Fair Fashion, vegane Mode, Nachhaltigkeit sowie ein umweltbewussteres Leben beschäftigen viele von uns ja schon eine ganze Weile. Viele ernähren sich bewusst, haben angefangen ihr Kaufverhalten zu ändern oder fahren vielleicht öfter Fahrrad als Auto.

Seitdem ich 2016 in Frankfurt bei einem Workshop über Fair Fashion war, hat mich das Thema nicht mehr losgelassen. Und ich habe überlegt, wie ich bewusster shoppen und mich kleiden kann.

Doch Fast Fashion ist verlockend, es ist leicht, die eingefahrenen Wege oder Online Shops z nutzen, musste ich feststellen. Da gehst du in der Stadt bummeln und findest im Kaufhaus nur die üblichen Marken, die mit umweltfreundlicher Produktion nichts am Hut haben.

Da findest du auf der Haupteinkaufsstraße eine Fast Fashion Kette nach der andere.

Klar, mit der Verbreitung von Fast Fashion kann nachhaltige Mode nicht mithalten.

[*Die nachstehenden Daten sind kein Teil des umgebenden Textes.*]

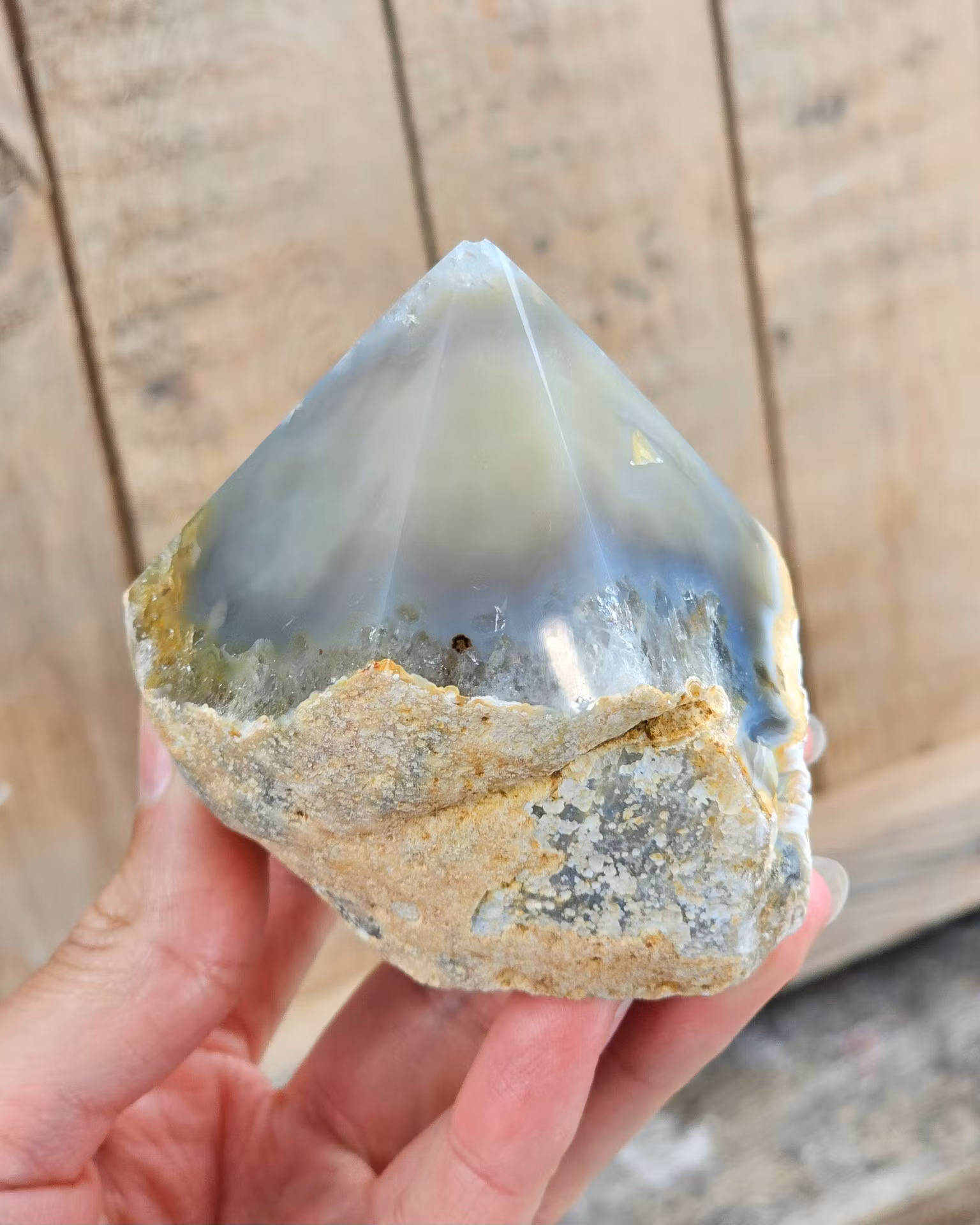 Observera att det finns ett nagg i spetsen. Därav prissänkt med -30% från ordinarie pris. Mycket vacker stående polerad spets i Agat med råa sidor. Superhärligt exemplar! Kristallen på bilderna är den du köper. Tänk på att kristaller kommer från naturen, små skillnader kan därför förekomma i produktens utseende på grund av dess naturmaterial. Färger kan skilja sig beroende på hur ljuset faller ner på kristallen samt även mellan olika bildskärmar m.m.

Wie soll ich unter diesen Umständen, mein Kaufverhalten ändern?

 

Und jetzt mal ehrlich: Ist vegane beziehungsweise nachhaltige Mode nicht einfach schlichtweg hässlich? Sackartig? Was für Ökos halt? Nennen wir das Kind doch ruhig einmal beim Namen!

 

Und dann verwirren mich diese ganzen Begriffe.

Was ist denn nun Fair Fashion? Was ist nachhaltige und was vegane Mode?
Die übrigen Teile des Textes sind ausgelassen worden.